[PROBLEM STATEMENT] Only the pictures are to be dropped; the rest of the data below is to be duplicated exactly.

====== RECORDS PROVIDED

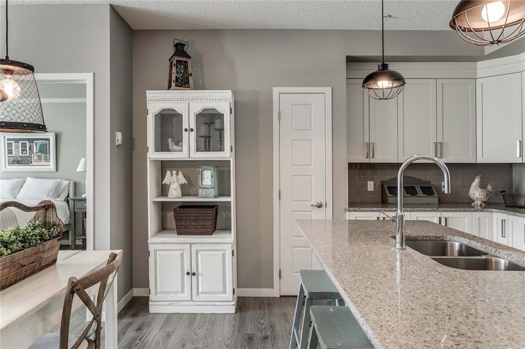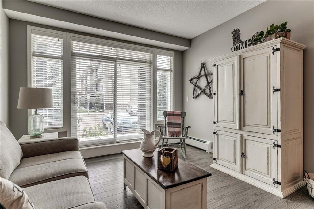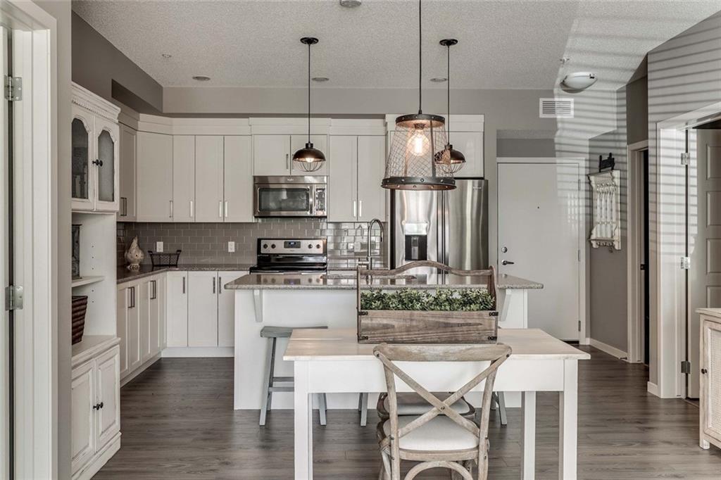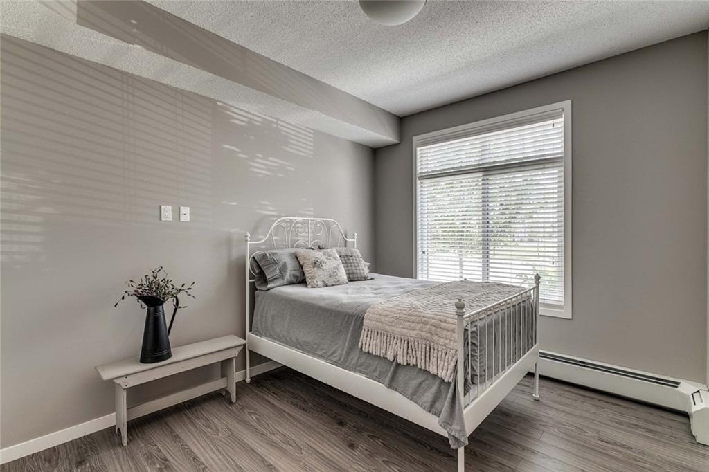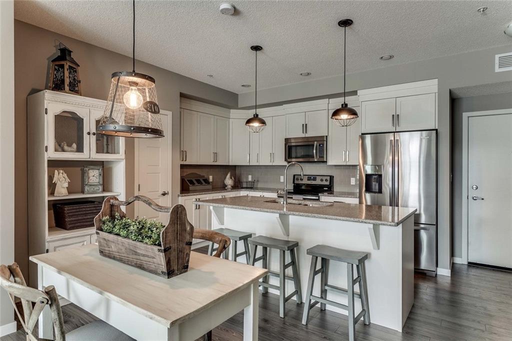 Immaculate 2 bedroom, 2 bathroom main level condo with south exposure! This bright and beautiful condo features a wall of south windows allowing for natural light to flow through the entire space all day long. The open concept design has a timeless white kitchen that opens to the living and dining area. Ceiling-height cabinets, premium appliances including fridge with waterline, custom lighting and a quartz island with additional seating complete the bright kitchen. The living area has a functional layout and a complete wall of windows ensuring a bright space all day. The large master bedroom has a walk-through closet that leads to the private ensuite with walk-in shower. A second bedroom, main bathroom, and large laundry / storage room complete this unit. Titled underground parking and private storage will keep your vehicle and belongings warm and safe all year long. Conveniently located on the main level, this bright condo is easily accessible, meticulously cared for and move in ready!
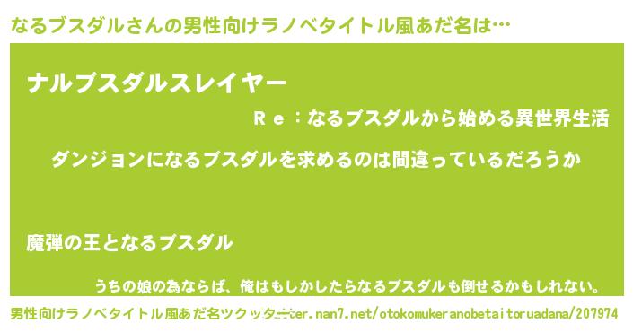| 女子向けラノベタイトル風あだ名 | 『なるブスダルは平凡を望む』 |
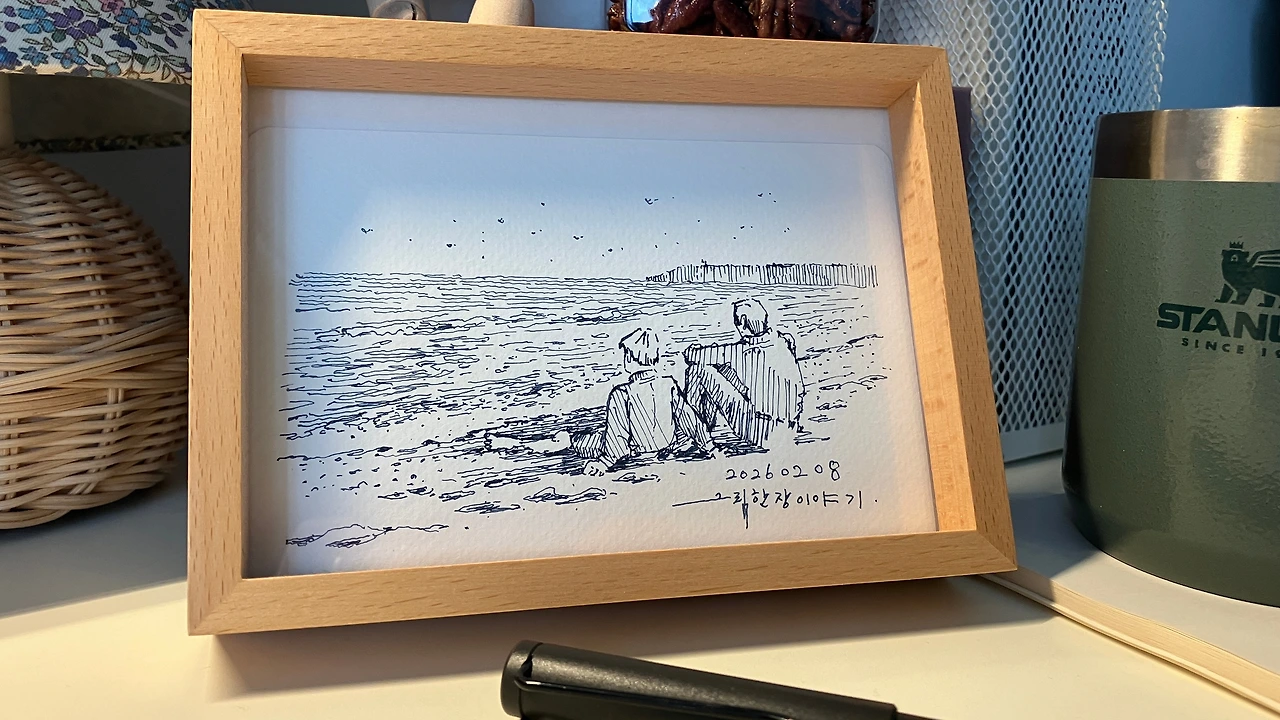 책상 위 액자에는 제가 직접 종이에 그린 펜 드로잉으로 채워집니다. 이번 액자 속 주인공은 영화 [어바웃 타임]의 해변 장면이었습니다. 지금까지 펜 드로잉만으로 만족했는데 이번에는 색을 입히고 싶어 졌습니다
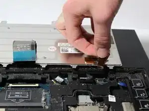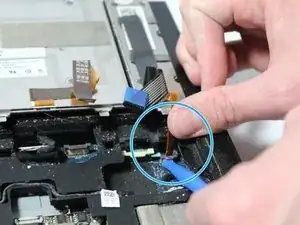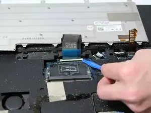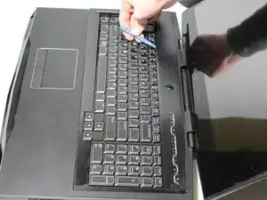 Используйте пластиковый рычажный инструмент, чтобы ослабить плоскую панель вокруг клавиш, аккуратно поддев её вверх от основания ноутбука.
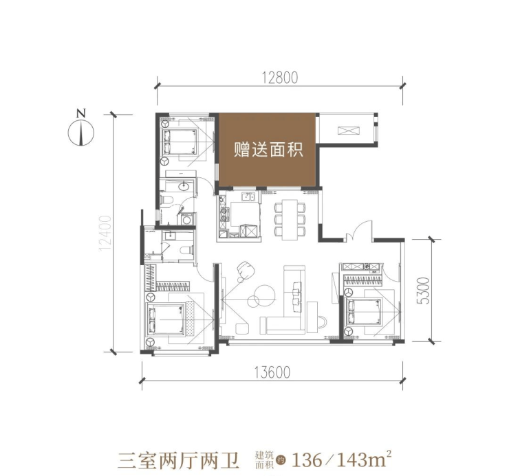 建筑面积约143㎡ 三室两厅两卫
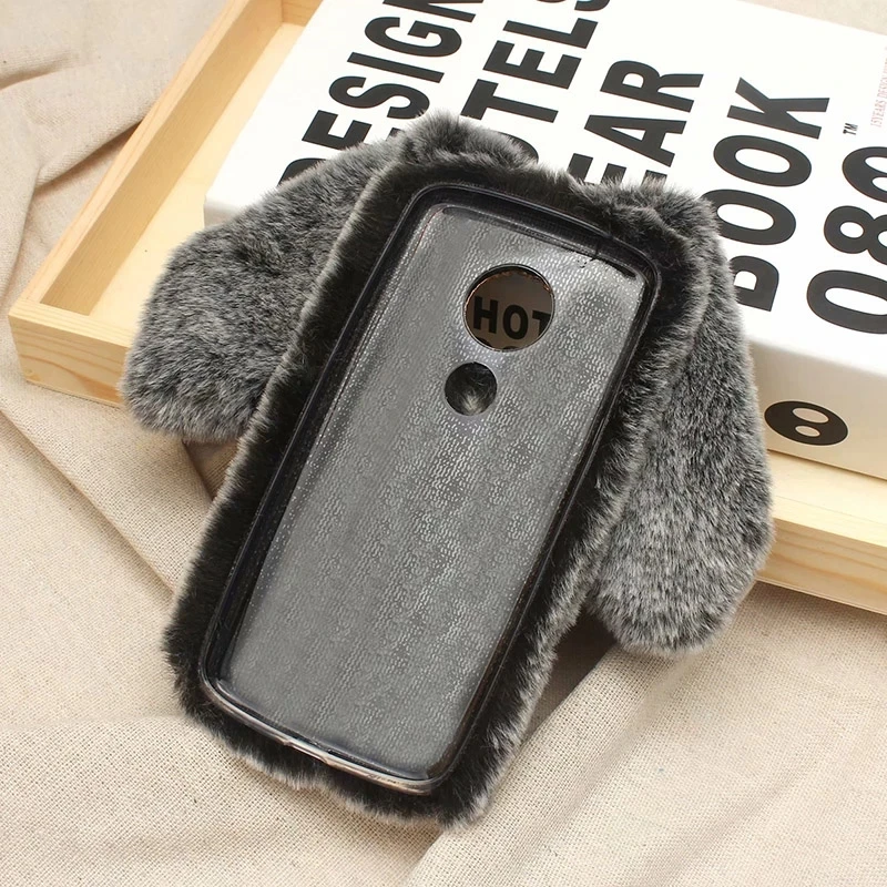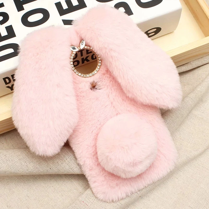 Теплые плюшевые чехлы с кроличьим мехом и бриллиантами для телефоно...
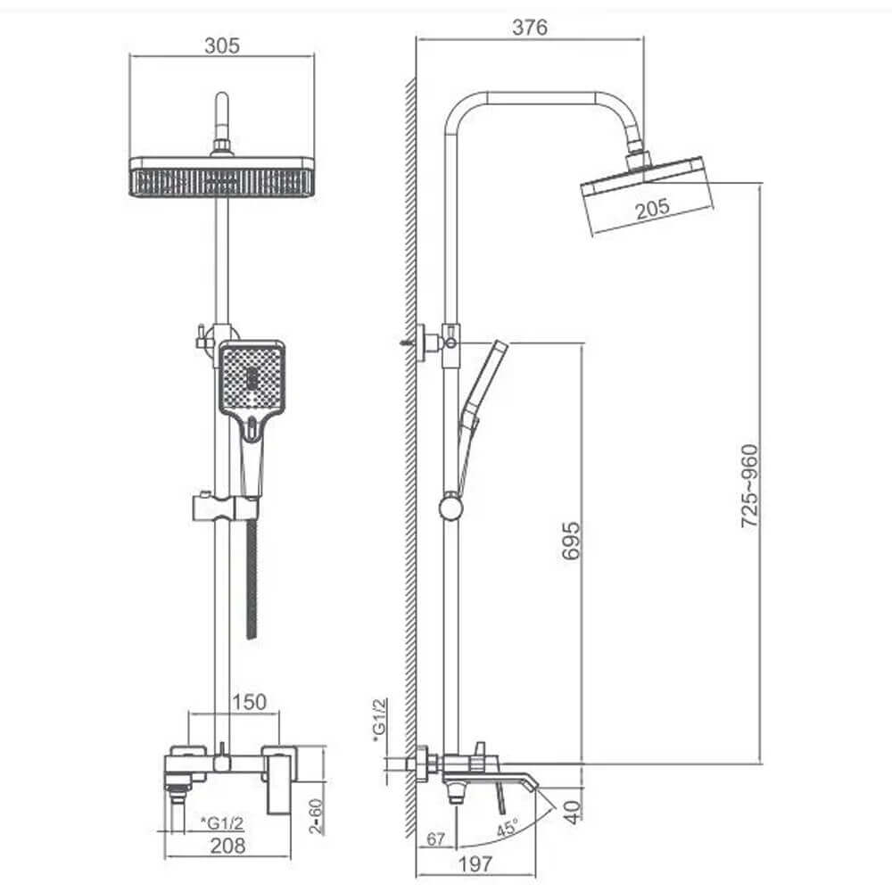 - Шарнирный соединитель позволяет менять угол наклона верхнего душа
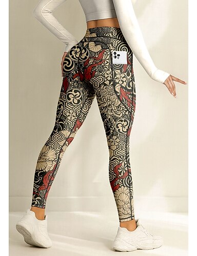 Mulheres leggings de pilates Calças de fitness Leggings casuais Bolsos Imposto de selo Patchwork Pilates Academia Treino de Ginástica Calças Meia-calça Leggings Estampado Cashemere Estampa floral
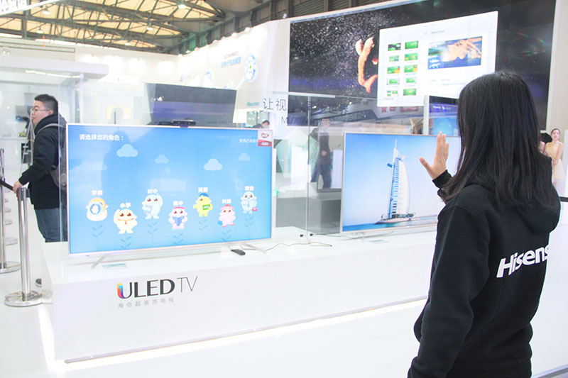 【智能公会 上海报道】3月9日,在2016中国家电及消费电子博览会上,高居全球彩电三强的海信电视展出强大产品阵容,其最新发布的ULED超画质电视、激光影院电视和全新智能交互体验产品科技感十足,让人印象深刻。
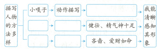 [点拨]本单元的语文要素是学习描写人物的基本方法。其中《摔跤》一文通过对小嘎子的动作描写,表现出他机灵的特点。《他像一棵挺脱的树》一文通过对祥子的外貌描写,表现出他健壮、精气神十足的特点。《两茎灯草》一文通过对严监生的动作描写,表现出他吝啬、爱财如命的特点。根据提示完成阅读单即可。
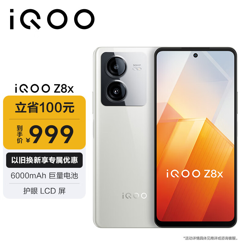 vivo iQOO Z8x 8GB+128GB 月瓷白 6000mAh巨量电池 骁龙6Gen1 护眼LCD屏 大内存5G电竞手机价格:1099.00元!
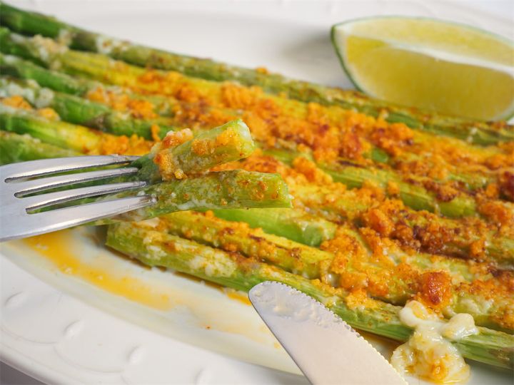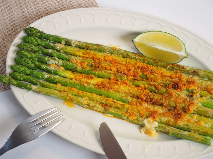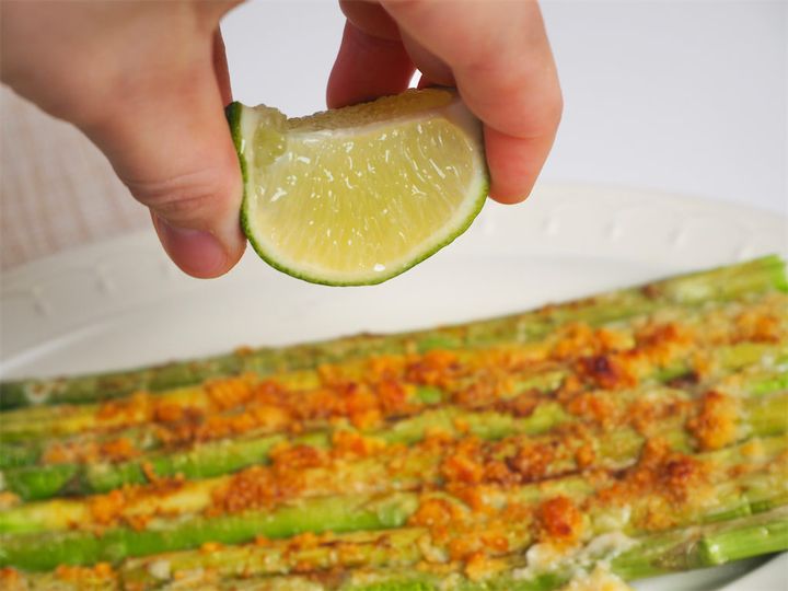 粉チーズはとろり溶けた部分と表面がサクサクの部分も。切って食べるのもいいけれど、指でつまんで長いアスパラガスをほくほくと食べる感じもスナックみたいでいいですね♪ライムを絞ってかけると爽やかな香りが広がります。チリパウダーとライムを掛け合わせるとメキシコ風味が増し増し!簡単だから、仕事帰り疲れていても気軽に作れて、晩酌にもぴったりです。ホームパーティーでさくっと作れば、喜ばれること間違い無し♪

============

[COMPLETED EXERCISE]
 Immaculate 2 bedroom, 2 bathroom main level condo with south exposure! This bright and beautiful condo features a wall of south windows allowing for natural light to flow through the entire space all day long. The open concept design has a timeless white kitchen that opens to the living and dining area. Ceiling-height cabinets, premium appliances including fridge with waterline, custom lighting and a quartz island with additional seating complete the bright kitchen. The living area has a functional layout and a complete wall of windows ensuring a bright space all day. The large master bedroom has a walk-through closet that leads to the private ensuite with walk-in shower. A second bedroom, main bathroom, and large laundry / storage room complete this unit. Titled underground parking and private storage will keep your vehicle and belongings warm and safe all year long. Conveniently located on the main level, this bright condo is easily accessible, meticulously cared for and move in ready!
| 女子向けラノベタイトル風あだ名 | 『なるブスダルは平凡を望む』 |
 책상 위 액자에는 제가 직접 종이에 그린 펜 드로잉으로 채워집니다. 이번 액자 속 주인공은 영화 [어바웃 타임]의 해변 장면이었습니다. 지금까지 펜 드로잉만으로 만족했는데 이번에는 색을 입히고 싶어 졌습니다
 Используйте пластиковый рычажный инструмент, чтобы ослабить плоскую панель вокруг клавиш, аккуратно поддев её вверх от основания ноутбука.
 建筑面积约143㎡ 三室两厅两卫
 Теплые плюшевые чехлы с кроличьим мехом и бриллиантами для телефоно...
 - Шарнирный соединитель позволяет менять угол наклона верхнего душа
 Mulheres leggings de pilates Calças de fitness Leggings casuais Bolsos Imposto de selo Patchwork Pilates Academia Treino de Ginástica Calças Meia-calça Leggings Estampado Cashemere Estampa floral
 【智能公会 上海报道】3月9日,在2016中国家电及消费电子博览会上,高居全球彩电三强的海信电视展出强大产品阵容,其最新发布的ULED超画质电视、激光影院电视和全新智能交互体验产品科技感十足,让人印象深刻。
 [点拨]本单元的语文要素是学习描写人物的基本方法。其中《摔跤》一文通过对小嘎子的动作描写,表现出他机灵的特点。《他像一棵挺脱的树》一文通过对祥子的外貌描写,表现出他健壮、精气神十足的特点。《两茎灯草》一文通过对严监生的动作描写,表现出他吝啬、爱财如命的特点。根据提示完成阅读单即可。
 vivo iQOO Z8x 8GB+128GB 月瓷白 6000mAh巨量电池 骁龙6Gen1 护眼LCD屏 大内存5G电竞手机价格:1099.00元!
 粉チーズはとろり溶けた部分と表面がサクサクの部分も。切って食べるのもいいけれど、指でつまんで長いアスパラガスをほくほくと食べる感じもスナックみたいでいいですね♪ライムを絞ってかけると爽やかな香りが広がります。チリパウダーとライムを掛け合わせるとメキシコ風味が増し増し!簡単だから、仕事帰り疲れていても気軽に作れて、晩酌にもぴったりです。ホームパーティーでさくっと作れば、喜ばれること間違い無し♪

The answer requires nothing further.